◆ **What you have to do**
Output, word for word, the lines of this listing that fall between the line with "Rękojeść wykonano z" and the line with "Join the Live", counting both of those lines, and no others.

◆ **Entries provided**
_ _ _ _ _

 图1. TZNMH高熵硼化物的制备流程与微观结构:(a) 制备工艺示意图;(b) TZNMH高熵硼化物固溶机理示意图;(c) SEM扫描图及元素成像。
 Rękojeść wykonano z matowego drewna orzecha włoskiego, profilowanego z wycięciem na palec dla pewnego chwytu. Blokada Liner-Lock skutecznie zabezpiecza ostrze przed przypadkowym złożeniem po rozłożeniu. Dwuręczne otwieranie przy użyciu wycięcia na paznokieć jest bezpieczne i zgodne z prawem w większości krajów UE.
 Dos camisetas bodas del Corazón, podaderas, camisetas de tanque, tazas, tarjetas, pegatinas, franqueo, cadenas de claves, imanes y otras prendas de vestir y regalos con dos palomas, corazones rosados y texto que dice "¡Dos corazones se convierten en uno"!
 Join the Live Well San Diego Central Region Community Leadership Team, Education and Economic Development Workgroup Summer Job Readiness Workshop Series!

_ _ _ _ _

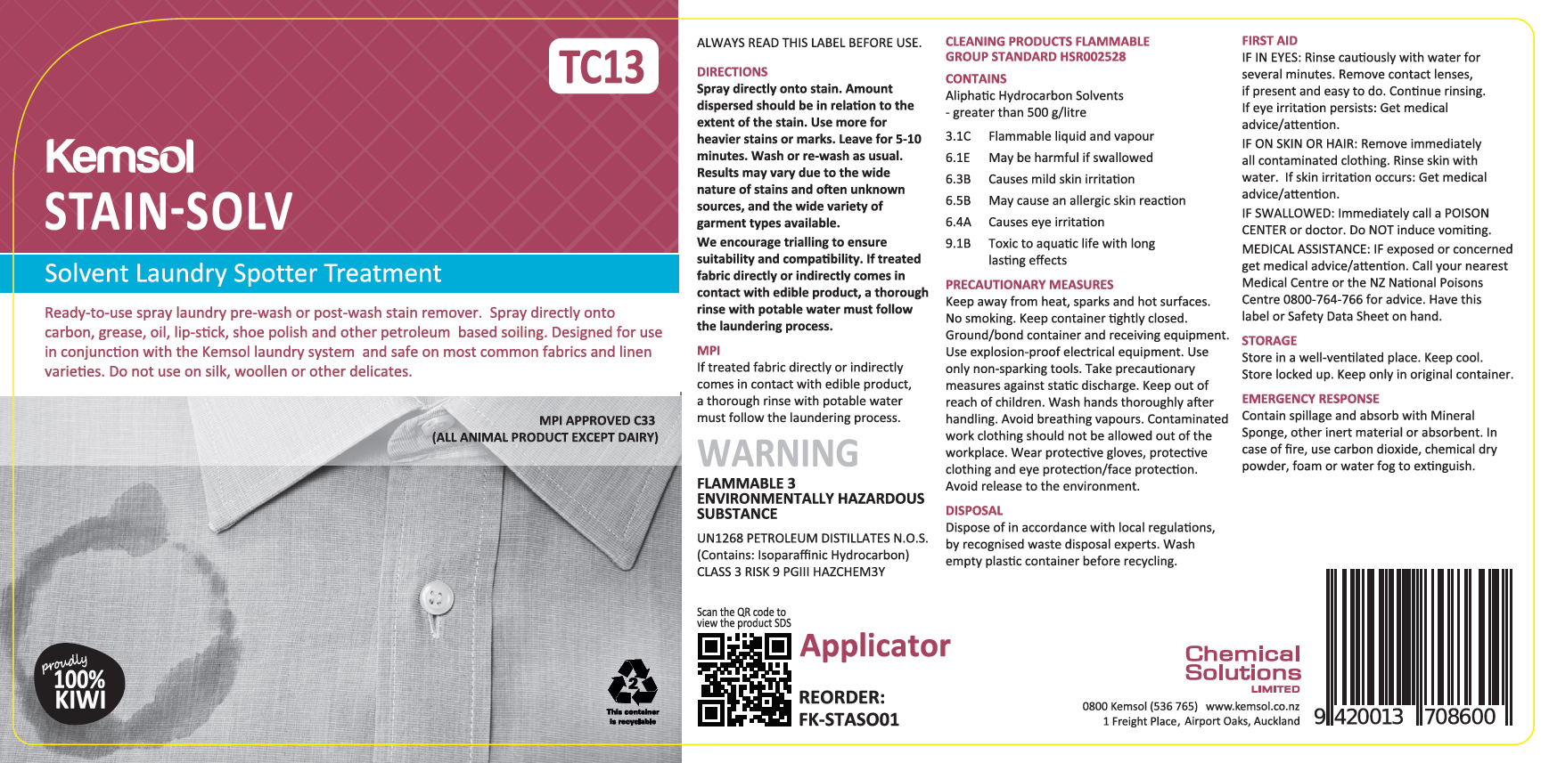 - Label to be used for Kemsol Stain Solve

_ _ _ _ _

◆ **Response area**
 Rękojeść wykonano z matowego drewna orzecha włoskiego, profilowanego z wycięciem na palec dla pewnego chwytu. Blokada Liner-Lock skutecznie zabezpiecza ostrze przed przypadkowym złożeniem po rozłożeniu. Dwuręczne otwieranie przy użyciu wycięcia na paznokieć jest bezpieczne i zgodne z prawem w większości krajów UE.
 Dos camisetas bodas del Corazón, podaderas, camisetas de tanque, tazas, tarjetas, pegatinas, franqueo, cadenas de claves, imanes y otras prendas de vestir y regalos con dos palomas, corazones rosados y texto que dice "¡Dos corazones se convierten en uno"!
 Join the Live Well San Diego Central Region Community Leadership Team, Education and Economic Development Workgroup Summer Job Readiness Workshop Series!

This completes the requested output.